Morgan Warstler sent me the following story by Matthew Boesler:

The consensus on Wall Street is that U.S. economic growth finally takes off in 2014, which will give the Fed the opportunity to taper.

But what if it doesn’t? Consider this: some believe the U.S. economy is actually entering a “late-cycle stage” “” in other words, the upward acceleration may not be coming.

“A growing number of indicators are showing late-cycle dynamics, and while this need not imply a recession it might well indicate a shift into a period of slower growth and lower inflation,” says Deutsche Bank global head of rates research Dominic Konstam.

“So much for animal spirits,” he writes in a recent note to clients:

.  .  .

Labor input is high relative to productivity, which typically predicts a sharply slower labor market 2 years ahead. In fact, simply conditioning on the relative gaps of labor input to productivity when it is negative predicts an almost stagnant labor market.

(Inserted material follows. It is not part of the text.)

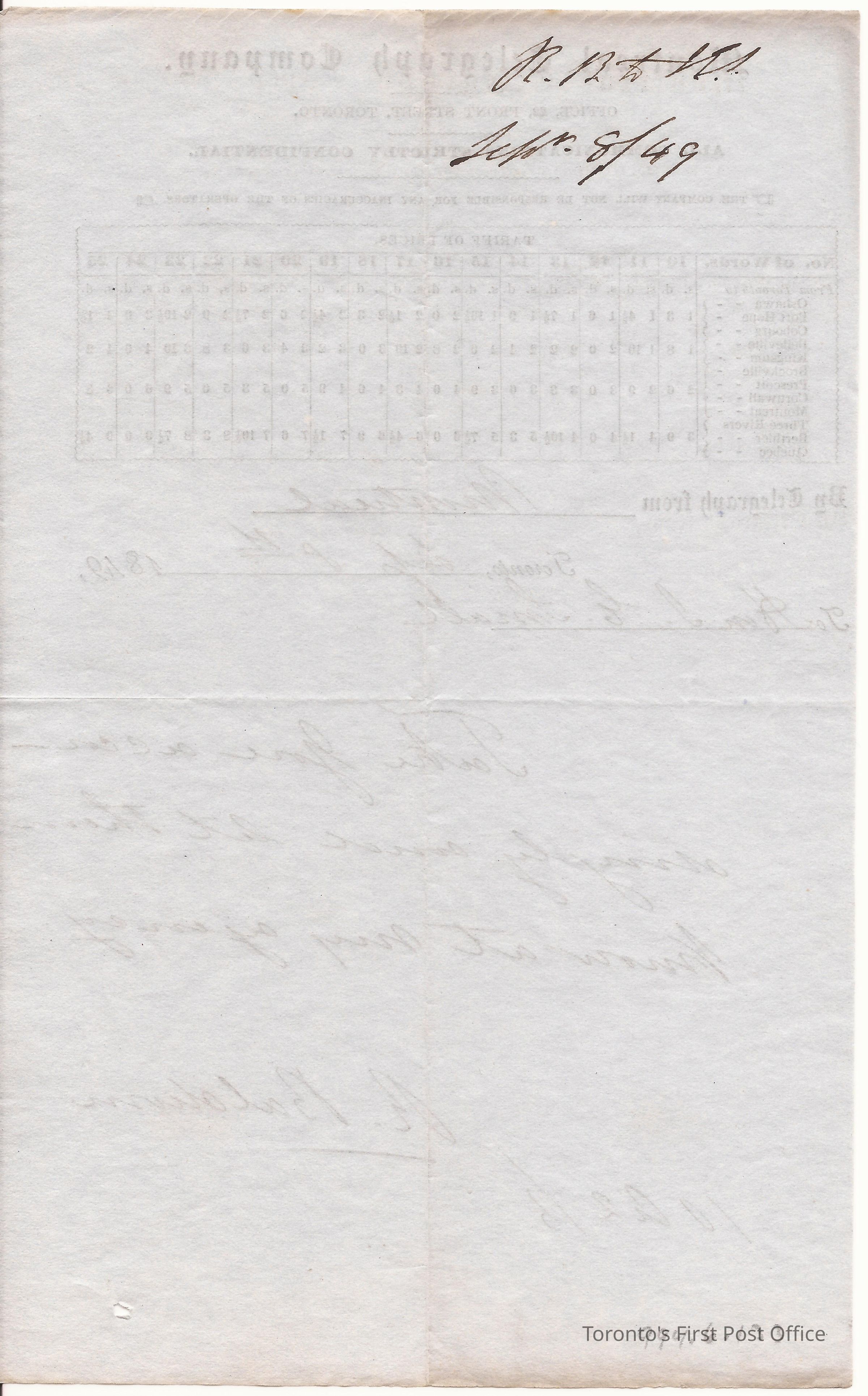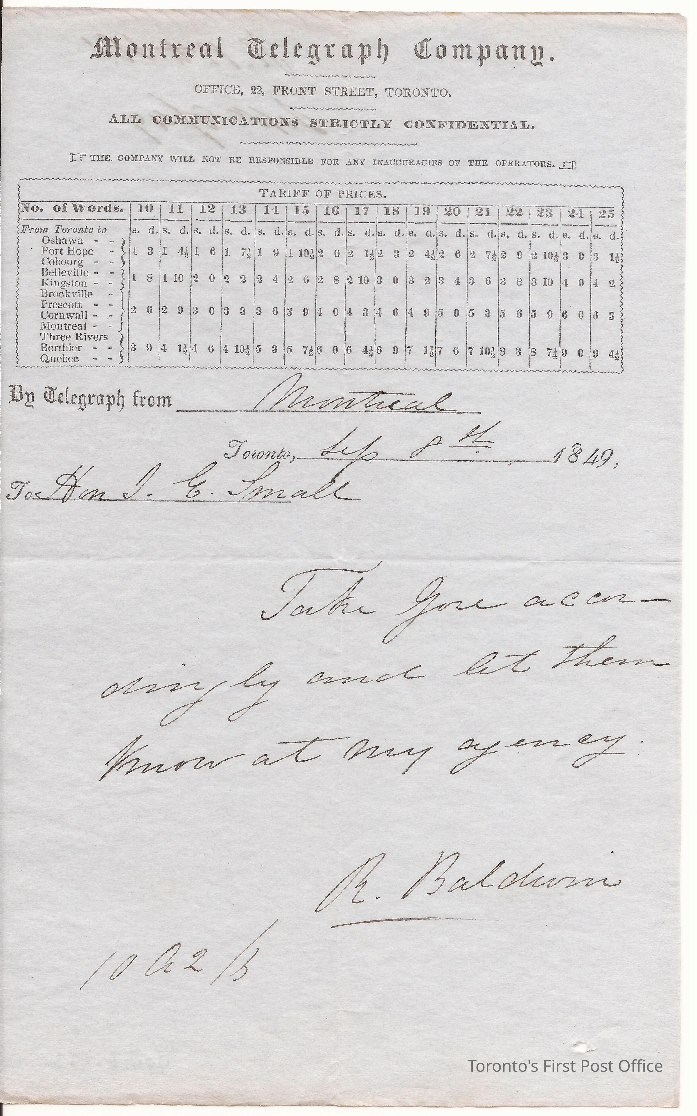 Telegraph; to Hon. J.E. Small, Toronto; from R. Baldwin, Montreal; dated: Sept. 8th 1849; message: "Take Gore accordingly and let them know at my agency."; on "Montreal Telegraph Company" letterhead; also includes table of rates.Update Date

In the absence of further fiscal or monetary stimulus, a lower household savings rate, or some combination of these, the implication is lower, not higher, rates.

“This is hardly a recipe for above trend growth,” says Konstam. “We note that recent trend real growth is less than 2%, so if inflation is stuck in the 1-1.5% range, then nominal growth is stuck closer to 3%, not 4%. In that environment, nominal yields become restrictive over 3% and become inhibitive to growth.”

There’s a reason NGDP growth slows “late-cycle.”  The Fed tightens monetary policy to cool an overheated economy.  Falling NGDP growth is tight money.  Tight money is falling NGDP growth.

But the economy is not overheated today.

As I said a few days ago, MOAR.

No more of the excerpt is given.